Items from a data source:
━━━━━━━━━━━━━━━━━━━━━━━━━━━━━━
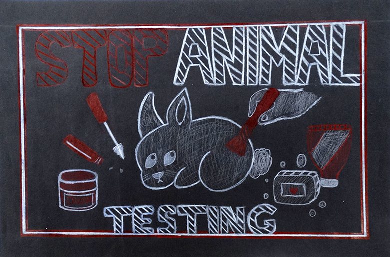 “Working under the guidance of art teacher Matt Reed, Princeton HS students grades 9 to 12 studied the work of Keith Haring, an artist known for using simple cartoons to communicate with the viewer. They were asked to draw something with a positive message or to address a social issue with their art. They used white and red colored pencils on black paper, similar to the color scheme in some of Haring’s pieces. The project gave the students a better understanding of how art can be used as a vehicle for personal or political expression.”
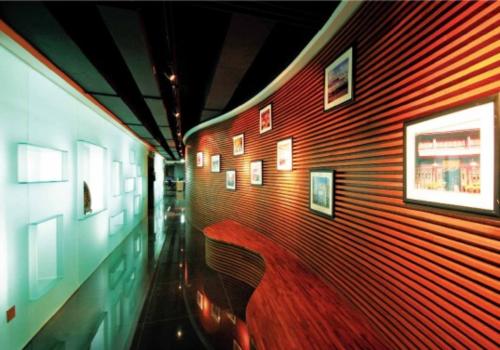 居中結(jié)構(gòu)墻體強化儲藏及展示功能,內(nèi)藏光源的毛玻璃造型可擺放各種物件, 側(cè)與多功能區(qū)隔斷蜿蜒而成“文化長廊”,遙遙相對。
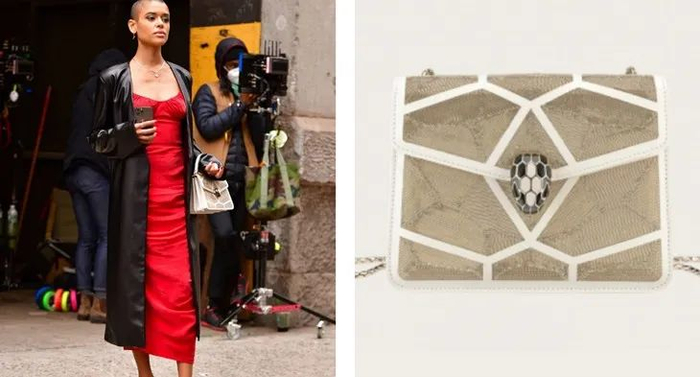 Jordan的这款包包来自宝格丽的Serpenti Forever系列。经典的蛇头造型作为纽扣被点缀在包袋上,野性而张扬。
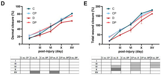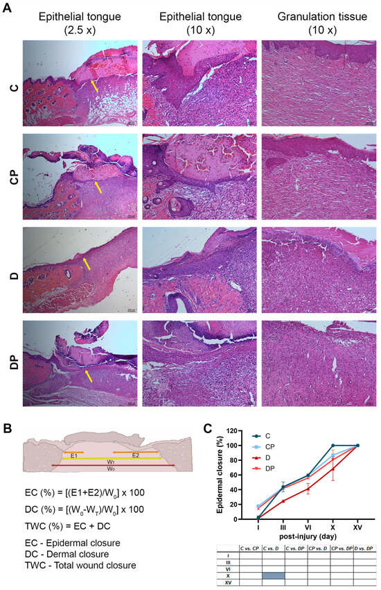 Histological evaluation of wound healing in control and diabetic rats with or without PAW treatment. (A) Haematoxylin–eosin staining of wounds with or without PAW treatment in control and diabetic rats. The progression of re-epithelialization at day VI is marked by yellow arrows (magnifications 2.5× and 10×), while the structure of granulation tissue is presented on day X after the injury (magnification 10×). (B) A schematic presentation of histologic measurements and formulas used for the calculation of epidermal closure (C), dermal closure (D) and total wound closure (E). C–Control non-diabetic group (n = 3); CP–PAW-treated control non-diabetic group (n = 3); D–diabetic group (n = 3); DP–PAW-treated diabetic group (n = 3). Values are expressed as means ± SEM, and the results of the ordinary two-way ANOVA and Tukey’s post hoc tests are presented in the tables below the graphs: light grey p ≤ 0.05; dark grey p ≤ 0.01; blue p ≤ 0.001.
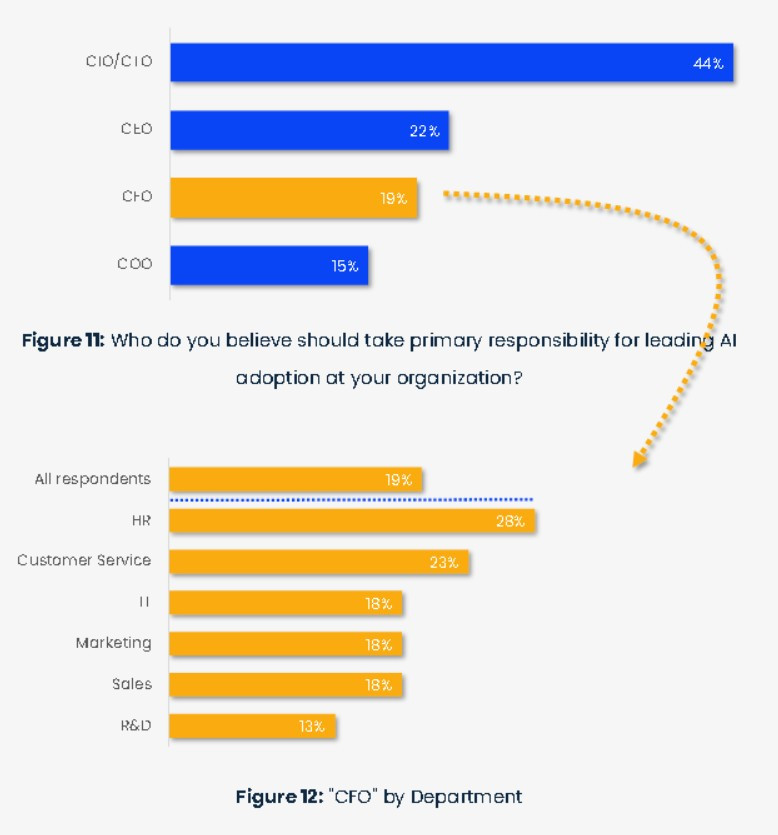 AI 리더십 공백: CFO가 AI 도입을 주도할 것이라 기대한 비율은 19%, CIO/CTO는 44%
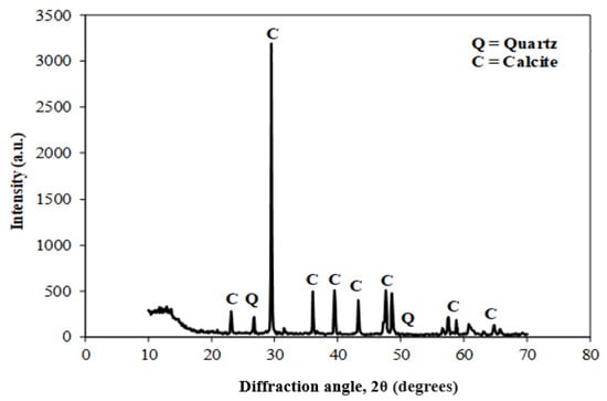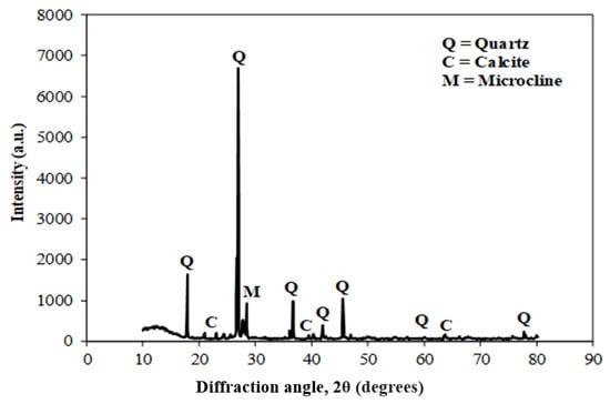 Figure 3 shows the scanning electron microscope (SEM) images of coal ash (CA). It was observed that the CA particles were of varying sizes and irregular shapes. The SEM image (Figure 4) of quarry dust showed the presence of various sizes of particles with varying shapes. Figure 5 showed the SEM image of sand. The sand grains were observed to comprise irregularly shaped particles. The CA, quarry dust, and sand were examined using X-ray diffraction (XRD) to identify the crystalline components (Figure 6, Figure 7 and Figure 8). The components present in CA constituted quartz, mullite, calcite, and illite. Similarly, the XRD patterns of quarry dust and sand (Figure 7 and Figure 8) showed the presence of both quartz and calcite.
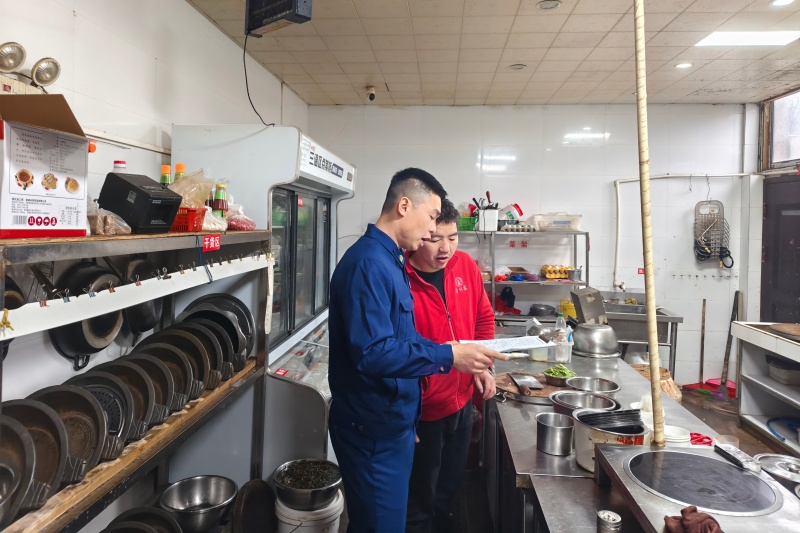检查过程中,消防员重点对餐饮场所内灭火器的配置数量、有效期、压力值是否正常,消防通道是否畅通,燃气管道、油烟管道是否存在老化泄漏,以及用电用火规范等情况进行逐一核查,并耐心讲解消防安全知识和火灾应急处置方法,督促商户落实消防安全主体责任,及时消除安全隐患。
━━━━━━━━━━━━━━━━━━━━━━━━━━━━━━
Directions
Your output is the lines from the top of the entries through the line containing "Jordan的这款包包来自宝", exactly as they stand. No pictures belong in it.

Response to this exercise
 “Working under the guidance of art teacher Matt Reed, Princeton HS students grades 9 to 12 studied the work of Keith Haring, an artist known for using simple cartoons to communicate with the viewer. They were asked to draw something with a positive message or to address a social issue with their art. They used white and red colored pencils on black paper, similar to the color scheme in some of Haring’s pieces. The project gave the students a better understanding of how art can be used as a vehicle for personal or political expression.”
 居中結(jié)構(gòu)墻體強化儲藏及展示功能,內(nèi)藏光源的毛玻璃造型可擺放各種物件, 側(cè)與多功能區(qū)隔斷蜿蜒而成“文化長廊”,遙遙相對。
 Jordan的这款包包来自宝格丽的Serpenti Forever系列。经典的蛇头造型作为纽扣被点缀在包袋上,野性而张扬。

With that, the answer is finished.